◆ Task description: Your copy should begin with the line containing "Hier 442 828-0", end with the line containing "MODIAN Solid 925", match the listing below exactly, and contain no pictures.

*** Opening of Information ***

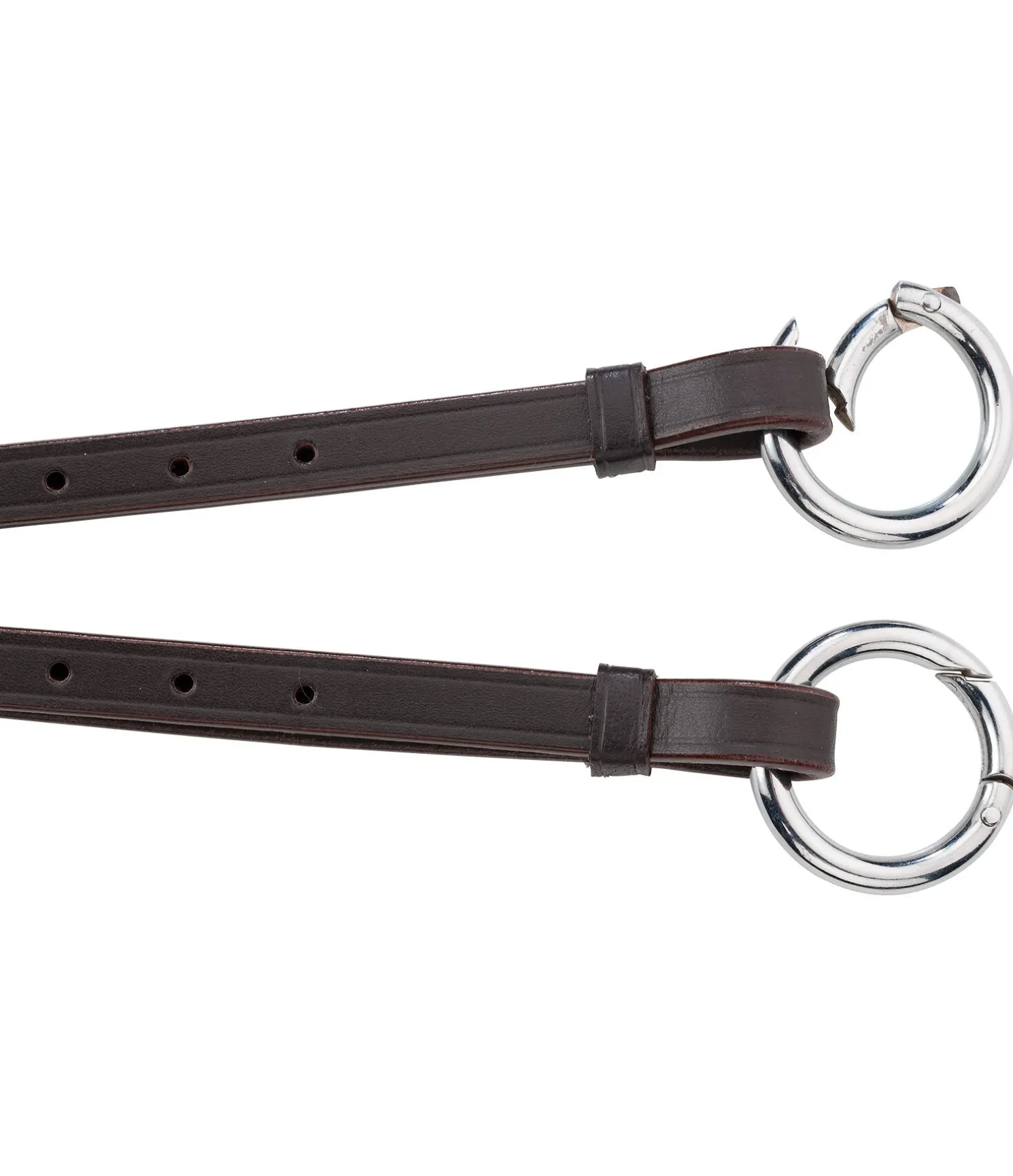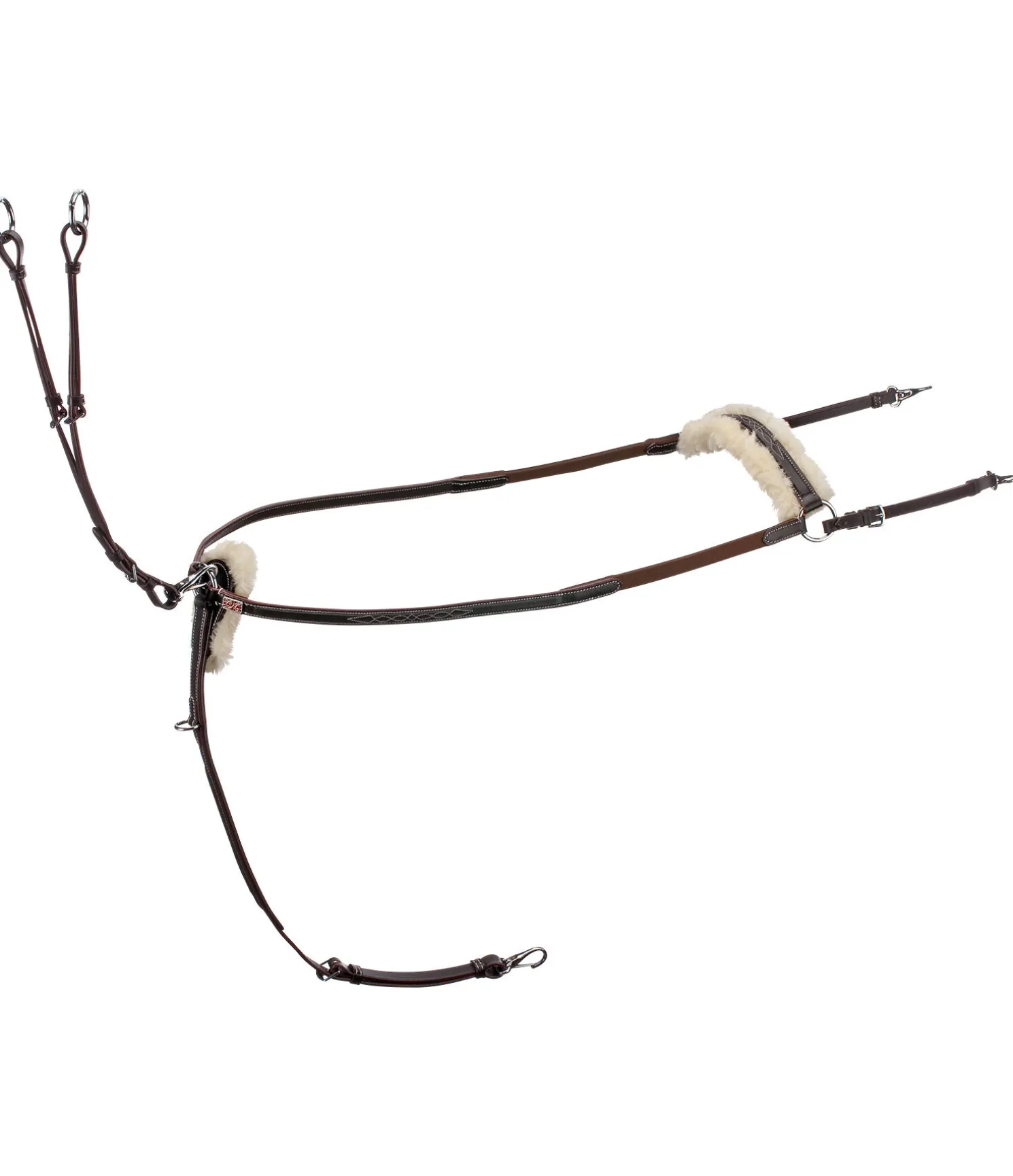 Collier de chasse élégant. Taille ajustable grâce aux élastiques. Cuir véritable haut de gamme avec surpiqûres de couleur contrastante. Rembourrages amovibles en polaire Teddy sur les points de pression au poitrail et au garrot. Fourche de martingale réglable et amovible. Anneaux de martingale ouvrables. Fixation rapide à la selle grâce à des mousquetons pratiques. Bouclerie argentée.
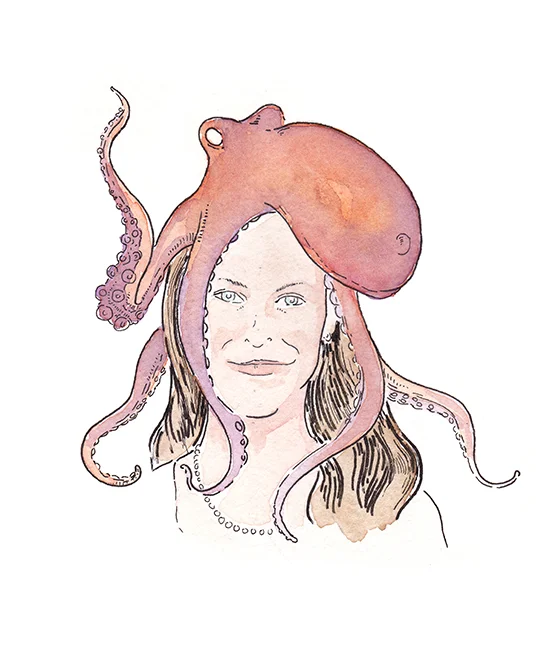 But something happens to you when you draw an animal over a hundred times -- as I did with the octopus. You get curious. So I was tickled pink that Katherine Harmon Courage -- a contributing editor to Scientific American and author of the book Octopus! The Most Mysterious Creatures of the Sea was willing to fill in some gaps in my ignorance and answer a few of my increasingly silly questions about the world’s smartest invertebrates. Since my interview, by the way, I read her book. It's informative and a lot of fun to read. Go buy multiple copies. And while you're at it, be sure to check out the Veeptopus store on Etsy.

*** Close of Information ***
*** Opening of Information ***

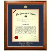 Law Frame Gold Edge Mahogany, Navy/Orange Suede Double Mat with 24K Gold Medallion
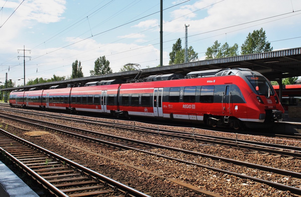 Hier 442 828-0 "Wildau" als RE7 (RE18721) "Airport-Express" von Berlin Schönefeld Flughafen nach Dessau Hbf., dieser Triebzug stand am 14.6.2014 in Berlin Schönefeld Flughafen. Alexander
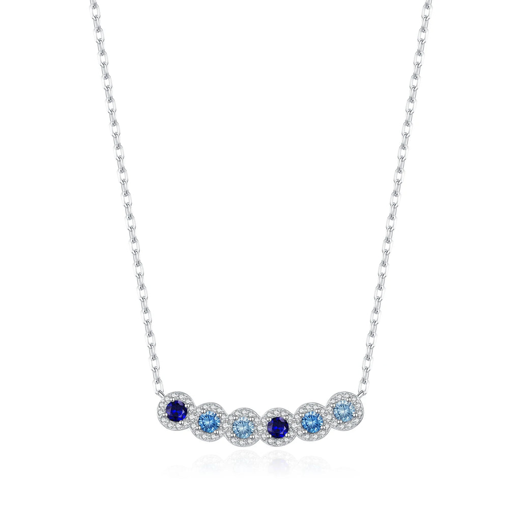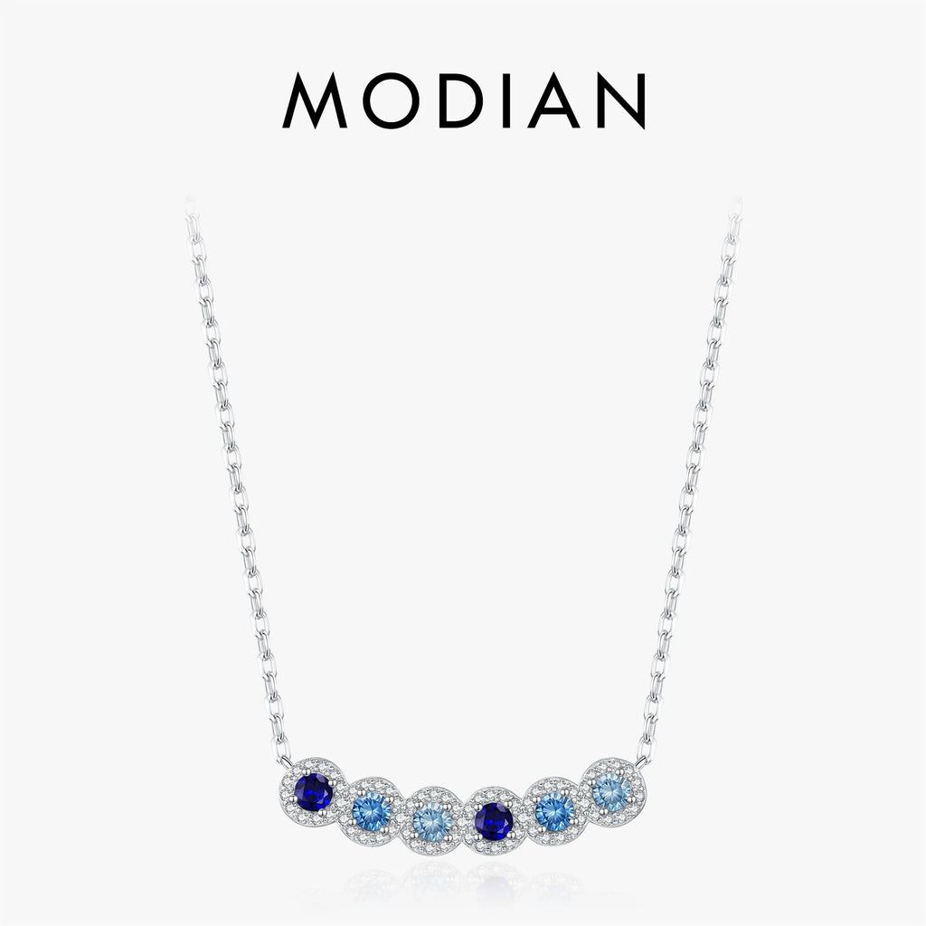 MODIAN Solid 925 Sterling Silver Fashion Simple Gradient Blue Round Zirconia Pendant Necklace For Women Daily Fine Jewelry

*** Close of Information ***

◆ Reply to the task:
 Hier 442 828-0 "Wildau" als RE7 (RE18721) "Airport-Express" von Berlin Schönefeld Flughafen nach Dessau Hbf., dieser Triebzug stand am 14.6.2014 in Berlin Schönefeld Flughafen. Alexander
 MODIAN Solid 925 Sterling Silver Fashion Simple Gradient Blue Round Zirconia Pendant Necklace For Women Daily Fine Jewelry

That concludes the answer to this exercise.